Last week, my family and I escaped our unusually warm winter to Kauai. Though she goes by a different name in this Pacific paradise, the life-giving feminine permeates the very air in Hawaii. There her form is supple, abundant, fragrant—pure aloha that called us out to commune with the flora and fauna for a few (too few) glorious days. You cannot help but love and feel loved by the beauty of that land.
The Na Pali coast is among a precious few places on earth where humans must come on foot to pay their respects to the earth mother. There is even one totally inaccessible crater said to be the umbilicus of the world where Pachamama exists for her wild children alone; us two-legged children can only admire her belly button from afar.
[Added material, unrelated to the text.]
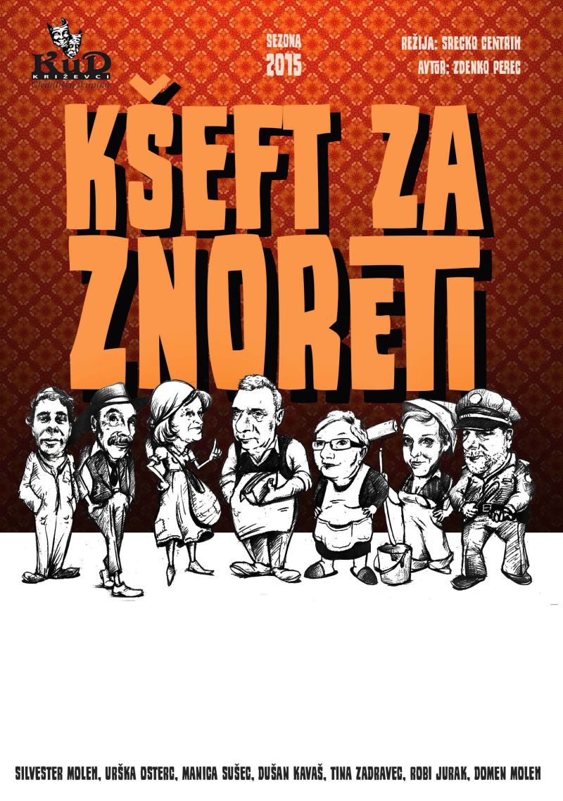 Ta konec tedna se bodo mnogi ljubitelji komedije iz Prlekije in Prekmurja gotovo zvijali od smeha. V petek, 27. februarja ob 19. uri bo namreč v Križevcih pri Ljutomeru, na sporedu premiera krstne uprizoritve komedije Zdenka Pereca: „Kšeft za znoreti“: Zanimivo komedijo je režiral znani prleški kulturnik Srečko Centrih, zaigrali pa bodo mnogi protagonisti iz Prlekije in okolice: Silvester Moleh – Franc, lastnik kmetije; Urška Osterc – Minka, njegova hči; Tina Zadravec – Bojana, njena hči; Manica Sušeč – Zofija, Ciganka; Dušan Kavaš – Cigan, njeni mož; Robi Jurak – policaj; Domen Moleh – Ištvan, zbiralec kovin; Jasmina Slana-šepetalka.

How can anyone come to Hawaii and not be overcome with conviction to honor the earth so that she may continue to exist in this pristine, wild state?
We met one local beachcomber who comes daily to the best shell beach not to collect rare specimens but rather to pick up all the small pieces of plastic that wash ashore. We joined his dedicated search. Conversely, we also learned that huge tracts of the island are being leased out to GMO seed companies. Huge sigh. When will we learn? And, more importantly, how can we teach our children to truly love this world?